A dozen men holding sharp steel broke away from the rest and rushed out toward him. He picked up his pace, mumbling, and rushed headlong at them. They slowed some when they saw his size, and he smelled the fear on them. He ran into the crowd of them and hit them like a tide, trampling one, smashing another’s skull with a blow from his fist. He didn’t bother to defend himself as the rest of the men shouted and slashed and stabbed. Blades sank deeply into his flesh, the angry rhythm of violence, but he only heard it. He felt none of it, could feel none of it. The world could mark him, scar him, but could not hurt him. He was in the world but not of it. He could feel only the pain of his unending existence, the isolation of being entirely, utterly, forever solitary.

And anger. He could feel the anger.

Dogs rushed out, hackles high. They snarled at him from the edge of the melee, foaming at the mouth, but kept their distance. Women screamed, gathered children to them. Another horse broke free of its tie and bolted off into the night. The camp was in chaos. Men not yet in the fray shouted and sprinted toward him. Something disturbed one of the bonfires and a shower of sparks went up into the night, temporarily casting the whole of the area in an unearthly orange glow.

He lashed out with a thick arm and struck a man on the head, sending him careening backward and down. He bowled another man over as the man drove a thick-­bladed sword through his abdomen, the blade scraping the teeth of one of his mouths. He roared and stomped on the downed man, crushing him underfoot.

“It should be dead!” another man shouted, slashing at the Afterbirth’s neck.

He grabbed the speaker by the throat, lifted him kicking and gasping from the ground, and squeezed until he felt something give way. The man went still and the Afterbirth threw the corpse into another man, knocking him down, then stomped that one to death. Throughout he moved inexorably toward the circle of wagons, leaving broken bodies in his wake, the pressure in him creating the need to do violence.

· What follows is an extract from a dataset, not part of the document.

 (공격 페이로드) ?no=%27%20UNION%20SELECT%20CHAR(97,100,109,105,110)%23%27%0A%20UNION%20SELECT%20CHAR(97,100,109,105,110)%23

“It can’t be killed!” someone screamed. “Run! Run!”

The barking of the dogs grew crazed, terrified, the screams of the women and the wails of the young likewise. The acidic stink of pure terror filled the air and yet more men ran toward him, another six, shouting, blades in hand. They chopped and stabbed but he took the blows and killed them each in turn, one after another, breaking bones with his fists, crushing bodies under his boots. Their blows put gory ravines in his flesh, but only for a moment before his otherworldly nature sealed the gashes to scars.

Crossbow bolts thudded into his flesh from somewhere within the ring of wagons. He felt the vibration of their impact, but no pain. He tore the bolts from his flesh, stabbed a young man through the face with one of them, drawing ever closer to the wagons. He could smell a few people hiding within them, terrified.

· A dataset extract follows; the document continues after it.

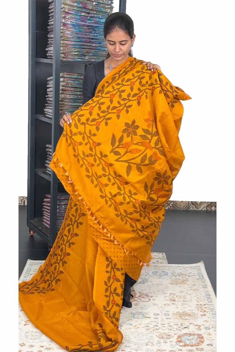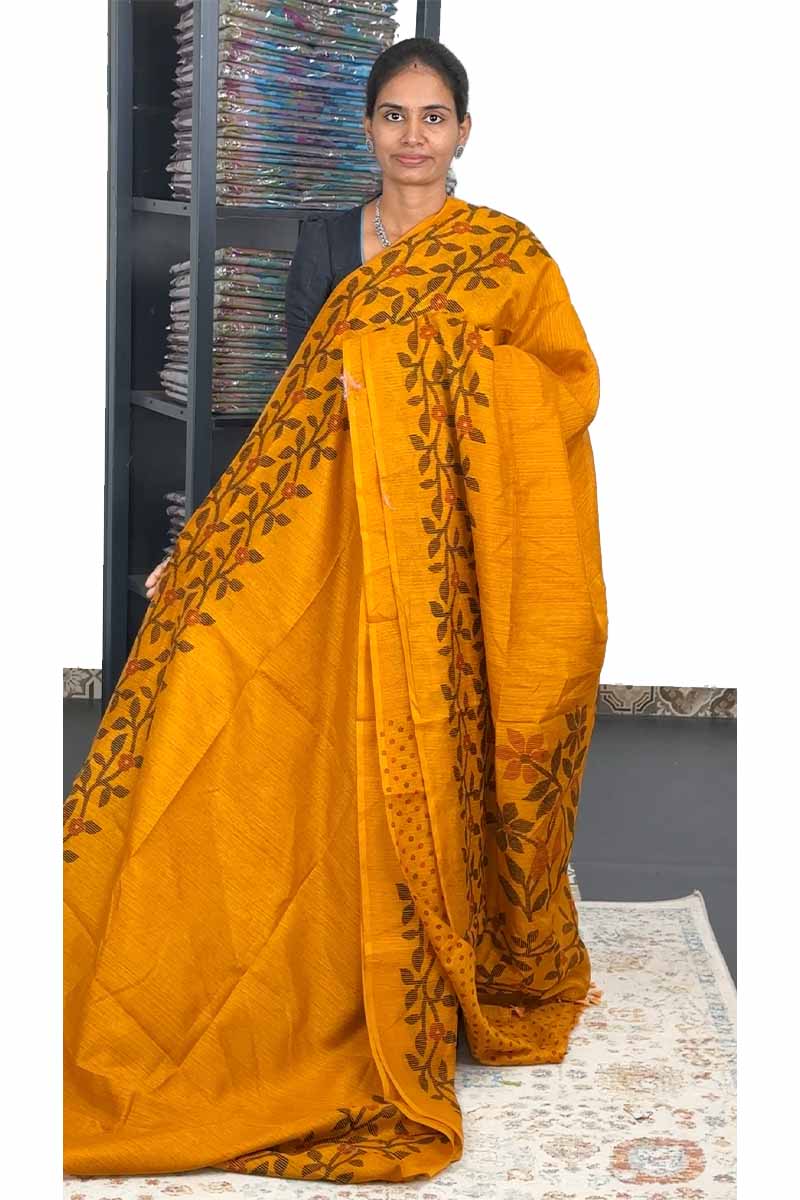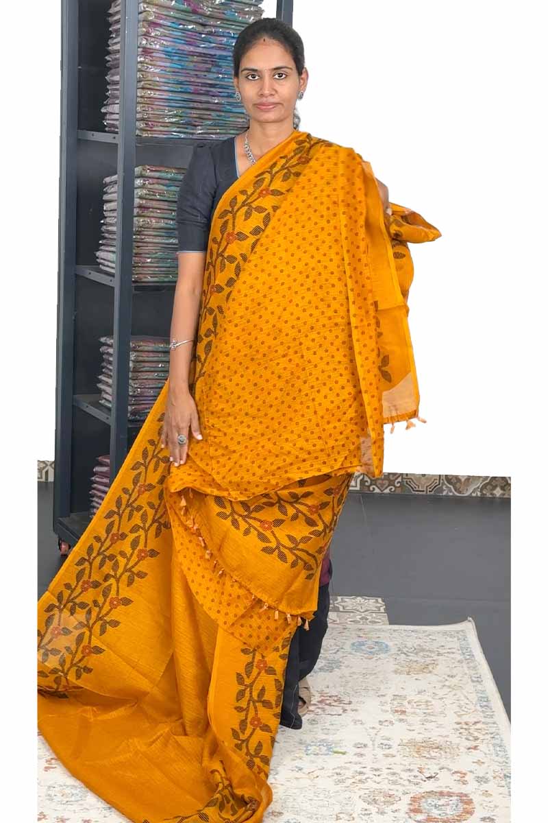 Jute Cotton with Zari Border | Dark Mustard Yellow

“Burn it!” shouted a woman, and another echoed her shout. “It’s the only way!”

Another took up the call to burn him, another.

He trampled another man and ground the corpse into the rain-­soaked earth. He broke the skull of another with a blow from his fist and lurched into the bright firelight within the ring of wagons, roaring.

His cloak was torn, the hood that normally shrouded his visage knocked back from the combat, and in the light of the bonfire the remaining caravanners saw him clearly. They froze for a moment, their faces sculpted into looks of horror and disgust. He murdered the quiet with a growl from his ruined lips and malformed mouths.

At that, most of the survivors turned and fled, some screaming, some in silent terror. Those who remained wavered, holding blades or clubs in drooping grips. Two men, however, found their nerve and hurriedly lit torches from the fire. Their bravery spread to some others and postures straightened. The men advanced, the flames dancing wildly in the rain as the torches shook in their hands.

The Afterbirth charged at the nearest of the men, the clubs of his fists held high. The man lurched backward, stabbing defensively with his blade and torch. The sword went into the Afterbirth’s stomach and out his back; the torch put flames to his cloak, and the frayed material, though wet, caught fire. The Afterbirth ignored the blade and the flame and drove a fist into the man’s face. Bones crunched. Blood sprayed and the man fell in a heap.

The other man, who’d circled behind the Afterbirth, cursed and jabbed him with his torch. The cloak burned in another place, the fabric curling and smoking.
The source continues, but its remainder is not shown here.